-------- Extracted data

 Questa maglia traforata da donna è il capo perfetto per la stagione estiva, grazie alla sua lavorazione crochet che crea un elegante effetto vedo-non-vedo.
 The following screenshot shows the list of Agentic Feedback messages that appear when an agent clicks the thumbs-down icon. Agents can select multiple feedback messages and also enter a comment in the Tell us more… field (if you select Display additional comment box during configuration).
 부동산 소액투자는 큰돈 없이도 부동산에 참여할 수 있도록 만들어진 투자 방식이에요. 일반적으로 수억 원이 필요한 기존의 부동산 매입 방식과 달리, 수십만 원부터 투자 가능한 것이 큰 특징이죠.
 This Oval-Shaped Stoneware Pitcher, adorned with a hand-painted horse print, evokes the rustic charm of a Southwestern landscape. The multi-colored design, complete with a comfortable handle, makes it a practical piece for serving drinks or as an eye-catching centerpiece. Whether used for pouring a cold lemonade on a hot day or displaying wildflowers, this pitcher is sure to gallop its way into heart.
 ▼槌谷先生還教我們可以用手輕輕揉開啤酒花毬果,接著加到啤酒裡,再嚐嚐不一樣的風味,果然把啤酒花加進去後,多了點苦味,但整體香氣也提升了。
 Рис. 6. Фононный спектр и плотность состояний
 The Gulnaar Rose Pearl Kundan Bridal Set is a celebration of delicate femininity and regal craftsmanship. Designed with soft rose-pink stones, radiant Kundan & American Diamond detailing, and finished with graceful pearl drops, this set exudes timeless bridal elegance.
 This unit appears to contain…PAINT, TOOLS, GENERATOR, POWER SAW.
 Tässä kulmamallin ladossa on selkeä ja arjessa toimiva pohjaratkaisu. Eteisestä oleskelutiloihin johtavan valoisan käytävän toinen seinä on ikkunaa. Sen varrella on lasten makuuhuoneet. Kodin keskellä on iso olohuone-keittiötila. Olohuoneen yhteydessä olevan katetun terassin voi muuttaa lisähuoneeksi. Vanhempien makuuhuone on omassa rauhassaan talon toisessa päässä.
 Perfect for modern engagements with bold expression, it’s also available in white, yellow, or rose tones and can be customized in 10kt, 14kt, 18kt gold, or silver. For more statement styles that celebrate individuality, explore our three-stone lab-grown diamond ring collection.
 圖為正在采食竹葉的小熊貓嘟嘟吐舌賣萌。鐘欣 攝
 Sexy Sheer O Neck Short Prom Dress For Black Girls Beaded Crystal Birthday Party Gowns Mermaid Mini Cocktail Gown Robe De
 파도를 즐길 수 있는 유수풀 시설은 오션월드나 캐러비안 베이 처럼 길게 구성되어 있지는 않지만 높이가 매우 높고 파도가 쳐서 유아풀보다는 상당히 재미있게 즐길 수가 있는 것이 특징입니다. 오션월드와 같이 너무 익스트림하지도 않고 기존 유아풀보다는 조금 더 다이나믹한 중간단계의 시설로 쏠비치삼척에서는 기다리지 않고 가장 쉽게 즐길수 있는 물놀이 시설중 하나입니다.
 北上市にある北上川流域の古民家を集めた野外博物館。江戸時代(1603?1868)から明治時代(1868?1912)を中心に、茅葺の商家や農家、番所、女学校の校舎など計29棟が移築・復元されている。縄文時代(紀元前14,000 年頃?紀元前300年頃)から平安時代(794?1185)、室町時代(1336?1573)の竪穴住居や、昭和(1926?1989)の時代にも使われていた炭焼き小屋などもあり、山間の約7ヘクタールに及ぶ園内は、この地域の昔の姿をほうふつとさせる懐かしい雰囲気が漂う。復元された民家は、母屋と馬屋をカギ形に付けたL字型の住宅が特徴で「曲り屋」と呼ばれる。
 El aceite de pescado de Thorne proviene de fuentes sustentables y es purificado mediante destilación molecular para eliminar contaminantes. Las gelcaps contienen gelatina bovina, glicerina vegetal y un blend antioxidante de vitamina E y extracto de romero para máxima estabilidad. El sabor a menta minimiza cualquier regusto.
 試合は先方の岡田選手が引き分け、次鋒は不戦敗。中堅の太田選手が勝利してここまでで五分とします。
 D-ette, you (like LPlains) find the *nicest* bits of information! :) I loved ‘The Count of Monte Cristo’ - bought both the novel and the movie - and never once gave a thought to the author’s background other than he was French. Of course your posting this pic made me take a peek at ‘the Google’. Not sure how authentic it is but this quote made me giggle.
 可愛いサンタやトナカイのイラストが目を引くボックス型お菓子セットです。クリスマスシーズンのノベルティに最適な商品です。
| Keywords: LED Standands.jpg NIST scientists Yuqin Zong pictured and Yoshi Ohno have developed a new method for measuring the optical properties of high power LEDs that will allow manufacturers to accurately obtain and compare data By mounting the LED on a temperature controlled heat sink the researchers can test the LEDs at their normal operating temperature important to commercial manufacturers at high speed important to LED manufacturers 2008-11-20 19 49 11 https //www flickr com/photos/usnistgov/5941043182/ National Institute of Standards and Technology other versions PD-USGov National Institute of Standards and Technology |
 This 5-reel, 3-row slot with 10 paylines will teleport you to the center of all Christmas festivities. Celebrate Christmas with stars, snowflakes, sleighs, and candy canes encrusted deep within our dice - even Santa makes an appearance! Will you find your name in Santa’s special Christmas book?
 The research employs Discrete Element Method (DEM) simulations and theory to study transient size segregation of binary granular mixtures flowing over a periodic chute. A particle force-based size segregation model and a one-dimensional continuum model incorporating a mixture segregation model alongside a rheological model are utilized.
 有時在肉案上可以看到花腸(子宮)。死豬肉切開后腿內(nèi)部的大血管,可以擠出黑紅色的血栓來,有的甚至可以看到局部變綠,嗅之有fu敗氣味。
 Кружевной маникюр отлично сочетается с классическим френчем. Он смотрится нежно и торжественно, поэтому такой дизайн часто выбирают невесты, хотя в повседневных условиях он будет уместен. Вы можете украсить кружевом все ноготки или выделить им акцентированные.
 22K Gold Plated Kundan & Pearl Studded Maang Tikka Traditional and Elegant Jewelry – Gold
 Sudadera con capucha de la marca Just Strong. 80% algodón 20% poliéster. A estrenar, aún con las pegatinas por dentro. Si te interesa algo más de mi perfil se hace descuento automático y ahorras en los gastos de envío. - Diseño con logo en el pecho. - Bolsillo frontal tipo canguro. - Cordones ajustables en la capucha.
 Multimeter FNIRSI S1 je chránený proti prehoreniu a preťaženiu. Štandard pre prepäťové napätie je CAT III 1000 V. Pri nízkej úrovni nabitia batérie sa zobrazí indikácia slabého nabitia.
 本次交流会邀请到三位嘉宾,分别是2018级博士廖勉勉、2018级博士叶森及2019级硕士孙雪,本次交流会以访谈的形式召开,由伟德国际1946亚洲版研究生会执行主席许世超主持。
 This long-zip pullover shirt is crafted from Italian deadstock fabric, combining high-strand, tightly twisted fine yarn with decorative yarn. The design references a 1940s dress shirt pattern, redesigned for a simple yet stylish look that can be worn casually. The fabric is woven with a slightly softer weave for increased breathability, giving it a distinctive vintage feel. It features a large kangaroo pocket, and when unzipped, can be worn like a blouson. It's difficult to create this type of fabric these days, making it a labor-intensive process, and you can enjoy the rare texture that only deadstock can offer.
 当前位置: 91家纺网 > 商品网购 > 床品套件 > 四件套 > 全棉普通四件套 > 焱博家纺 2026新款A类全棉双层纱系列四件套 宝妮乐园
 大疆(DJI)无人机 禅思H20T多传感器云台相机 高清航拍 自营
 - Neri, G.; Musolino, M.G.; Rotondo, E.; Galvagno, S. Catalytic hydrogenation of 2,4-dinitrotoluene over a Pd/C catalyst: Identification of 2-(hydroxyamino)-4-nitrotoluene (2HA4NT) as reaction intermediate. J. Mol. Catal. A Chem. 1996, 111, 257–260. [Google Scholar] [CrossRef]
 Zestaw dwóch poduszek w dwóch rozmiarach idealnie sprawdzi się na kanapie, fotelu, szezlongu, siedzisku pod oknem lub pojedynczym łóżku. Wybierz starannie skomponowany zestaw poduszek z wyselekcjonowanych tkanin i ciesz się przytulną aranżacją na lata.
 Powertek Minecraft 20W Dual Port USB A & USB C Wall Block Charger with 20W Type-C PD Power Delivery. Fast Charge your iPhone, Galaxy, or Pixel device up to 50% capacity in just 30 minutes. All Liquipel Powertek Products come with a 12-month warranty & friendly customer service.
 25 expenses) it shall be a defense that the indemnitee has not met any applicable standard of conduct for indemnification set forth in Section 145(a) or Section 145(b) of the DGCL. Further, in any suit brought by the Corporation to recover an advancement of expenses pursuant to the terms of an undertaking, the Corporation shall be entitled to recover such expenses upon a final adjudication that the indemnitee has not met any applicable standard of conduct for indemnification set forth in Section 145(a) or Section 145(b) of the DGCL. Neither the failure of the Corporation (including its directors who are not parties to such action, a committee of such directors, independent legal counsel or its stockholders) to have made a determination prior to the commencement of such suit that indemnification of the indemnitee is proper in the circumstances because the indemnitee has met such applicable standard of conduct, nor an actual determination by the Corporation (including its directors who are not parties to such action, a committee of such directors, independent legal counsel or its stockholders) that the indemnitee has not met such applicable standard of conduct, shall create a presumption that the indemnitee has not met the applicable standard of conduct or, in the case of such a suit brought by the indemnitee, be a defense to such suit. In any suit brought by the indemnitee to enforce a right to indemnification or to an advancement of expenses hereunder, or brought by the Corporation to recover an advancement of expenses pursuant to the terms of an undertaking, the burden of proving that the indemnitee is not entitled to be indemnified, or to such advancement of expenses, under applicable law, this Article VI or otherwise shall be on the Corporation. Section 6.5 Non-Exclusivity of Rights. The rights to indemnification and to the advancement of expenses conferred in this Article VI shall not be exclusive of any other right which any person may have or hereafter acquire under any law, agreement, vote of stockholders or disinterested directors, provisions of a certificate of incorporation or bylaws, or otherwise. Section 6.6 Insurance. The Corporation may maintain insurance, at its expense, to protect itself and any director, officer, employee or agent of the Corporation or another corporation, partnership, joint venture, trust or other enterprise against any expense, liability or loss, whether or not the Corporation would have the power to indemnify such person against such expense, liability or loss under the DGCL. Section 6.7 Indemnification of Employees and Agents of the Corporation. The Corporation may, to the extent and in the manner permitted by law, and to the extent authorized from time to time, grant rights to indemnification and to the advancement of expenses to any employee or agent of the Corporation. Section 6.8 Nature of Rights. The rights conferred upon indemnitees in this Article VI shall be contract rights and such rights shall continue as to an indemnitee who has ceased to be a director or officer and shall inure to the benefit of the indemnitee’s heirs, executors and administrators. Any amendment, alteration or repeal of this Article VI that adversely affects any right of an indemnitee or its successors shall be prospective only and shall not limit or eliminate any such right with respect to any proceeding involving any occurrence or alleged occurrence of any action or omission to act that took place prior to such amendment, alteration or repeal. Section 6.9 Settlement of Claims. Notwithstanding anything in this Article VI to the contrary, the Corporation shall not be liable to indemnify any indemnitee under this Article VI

----------------

What are the lines above, starting at the one with "当前位置: 91家纺网 >" and ending at the one with "- Neri, G.;"? Give them again exactly, and only them.

**Written answer**
 当前位置: 91家纺网 > 商品网购 > 床品套件 > 四件套 > 全棉普通四件套 > 焱博家纺 2026新款A类全棉双层纱系列四件套 宝妮乐园
 大疆(DJI)无人机 禅思H20T多传感器云台相机 高清航拍 自营
 - Neri, G.; Musolino, M.G.; Rotondo, E.; Galvagno, S. Catalytic hydrogenation of 2,4-dinitrotoluene over a Pd/C catalyst: Identification of 2-(hydroxyamino)-4-nitrotoluene (2HA4NT) as reaction intermediate. J. Mol. Catal. A Chem. 1996, 111, 257–260. [Google Scholar] [CrossRef]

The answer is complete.